Executive Order 13132, Federalism
The policies contained in this rule do not have any substantial
direct effect on States, on the relationship between the national
government and the States, or on the distribution of power and
responsibilities among the various levels of government. Nor does this
rule impose substantial direct compliance costs on state and local
governments. Therefore, consultation with the States is not required.
Executive Order 13175, Consultation and Coordination With Indian Tribal
Governments
This executive order imposes requirements on Federal agencies in
the development of regulatory policies that have tribal implications or
preempt tribal laws. The RUS has determined that this rule relating to
loan guarantees for non-profit lenders does not pre-empt tribal laws,
or have a substantial direct effect on either one or more Indian
tribe(s) or on the relationship or the distribution of powers and
responsibilities between the Federal Government and the Indian tribes.
Thus, this final rule is not subject to the requirements of Executive
Order 13175.
Executive Order 13211
This rule does not have any adverse effects on energy supply,
distribution, or use should the proposal be implemented. The Agency has
determined that the preparation of Statement of Energy Effects under
Executive Oder 13211 is not required.
E-Government Act Compliance
The Agency is committed to complying with the E-Government Act,
[[Page 42572]]
to promote the use of the Internet and other information technologies
to provide increased opportunities for citizen access to Government
information and services, and for other purposes.
Background
On February 5, 2010, the Rural Utilities Service (RUS) published a
proposed rule, 7 CFR Part 1720, Guarantees for Bonds and Notes issued
for Electrification and Telephone Purposes (75 FR 5902). This rule
amends the Agency's policies and procedures for granting guarantees to
eligible cooperatives and other not-for-profit lenders that make loans
for eligible electric and telephone purposes under the Rural
Electrification Act of 1936 (the ``RE Act'') (7 U.S.C. 901 et seq.).
The amendments to part 1720 revise the current regulations to implement
changes made by the 2008 Farm Bill and to clarify existing provisions.
The public was invited to submit comments on or before April 6, 2010.

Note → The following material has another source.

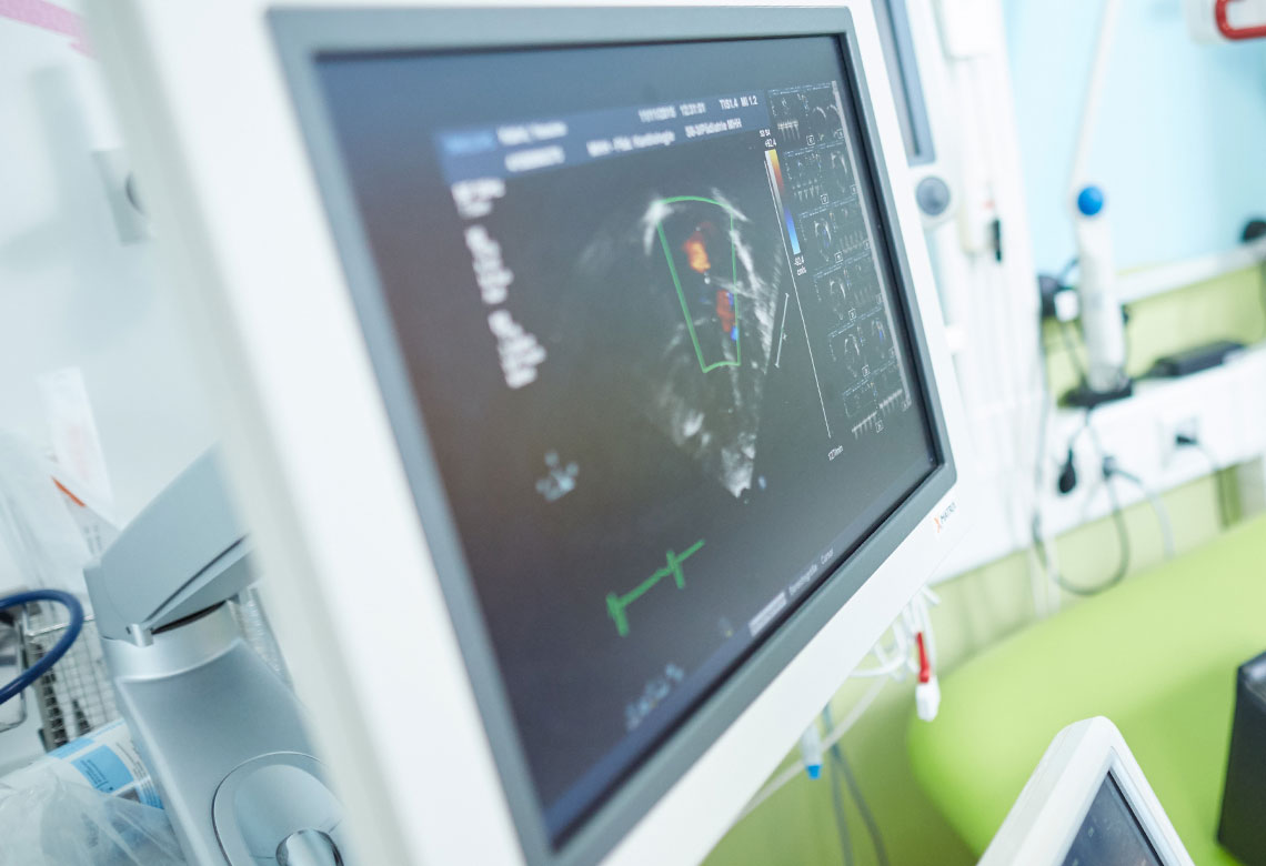 Die transthorakale Echokardiographie ist die Basis der Diagnose bei angeborenen Herzfehlern. Der Abteilung für Pädiatrische Kardiologie und Intensivmedizin stehen sämtliche echokardiographischen Techniken zur Verfügung (2-D-Mode, M-Mode, Doppler (PW-, CW-, Farbdoppler), Gewebedoppler, 3-D-Echokardiographie).

Two comments were received and are addressed in the Discussion of
Comments section of this rule.
The RE Act authorizes the Secretary to guarantee and make loans to
persons, corporations, States, territories, municipalities, and
cooperative, non-profit, or limited-dividend associations for the
purpose of furnishing or improving electric and telephone service in
rural areas. Responsibility for administering electrification and
telecommunications loan and guarantee programs along with other
functions the Secretary deemed appropriate have been assigned to RUS
under the Department of Agriculture Reorganization Act of 1994 (7
U.S.C. 6941 et seq.). The Administrator of RUS has been delegated
responsibility for administering the programs and activities of RUS,
see 7 CFR 1700.25.
Section 6101 of the Farm Security and Rural Investment Act of 2002
(Pub. L. 107-171) (FSRIA) amended the RE Act to add section 313A (7
U.S.C. 940c-1) entitled ``Guarantees for Bonds and Notes Issued for
Electrification or Telephone Purposes.'' This section created a new
loan guarantee program (313A program) for eligible non-profit lenders.
Final regulations implementing the program were published in the
Federal Register on October 29, 2004, 69 FR 63045.

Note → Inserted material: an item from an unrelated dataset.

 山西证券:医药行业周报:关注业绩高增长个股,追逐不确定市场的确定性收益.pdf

Section 6106(a)(1)(A) of the Food, Conservation, and Energy Act of
2008 (Pub. L. 110-246) amended section 313A of the RE Act extending the
program authorization from September 30, 2007, to September 30, 2012,
expanding eligible loan purposes, and setting an annual limit of
$1,000,000,000 on the total amount of guarantees approved by the
Secretary during a fiscal year, subject to the availability of funds.
Prior to the 2008 amendment the total amount of a lender's bonds and
notes that could be guaranteed under this section was limited to the
total amount of loans made by the lender concurrently with a loan
approved by the Secretary under the RE Act.
Section 6106(a)(1)(B) further amended section 313A of the RE Act by
removing the provision prohibiting the recipient from using any amount
obtained from the reduction in funding costs as a result of a guarantee
under section 313A to reduce the interest rate charged on a new or
concurrent loan. New loan guarantees will not be subject to this
limitation.
Discussion of Comments
The proposed rule was published on February 5, 2010, at 75 FR 5902.
Comments were due on April 6, 2010.
RUS received two written public comments via the Regulations.gov
portal on the proposed rule amending 7 CFR part 1720, the regulations
implementing section 313A of the RE Act (7 U.S.C. 940c-1).
CoBank, ACB (CoBank), a member of Farm Credit System overseen by
the Farm Credit Administration (FCA) and a major lender to electric
cooperatives, including many RUS borrowers, expressed its concerns that
part 1720 as proposed, if implemented without change or clarification
``could be read to preclude entities such as CoBank from participating
in the program as a guaranteed lender.'' CoBank commented on an
unchanged section of the existing rule (7 CFR 1720.4(b)(1)) relating to
restrictions on patronage and dividend distributions in the event of a
decline in credit quality of a participating lender and requested
clarification of lender eligibility under 7 CFR 1720.5(a)(1).
The National Rural Utilities Cooperative Finance Corporation (CFC),
an existing participant in the program, commented on two proposed
additions to the evaluation criteria in 7 CFR 1720.7(b) that the Agency
would use to consider applications competitively.
Senior Secured Debt
Comment: CoBank seeks clarification on the applicability of 7 CFR
1720.4(b)(1) of the existing regulation which limits payments of cash
patronage and dividends by a participating lender when the credit
rating on its senior secured debt has fallen below an ``A----'' rating.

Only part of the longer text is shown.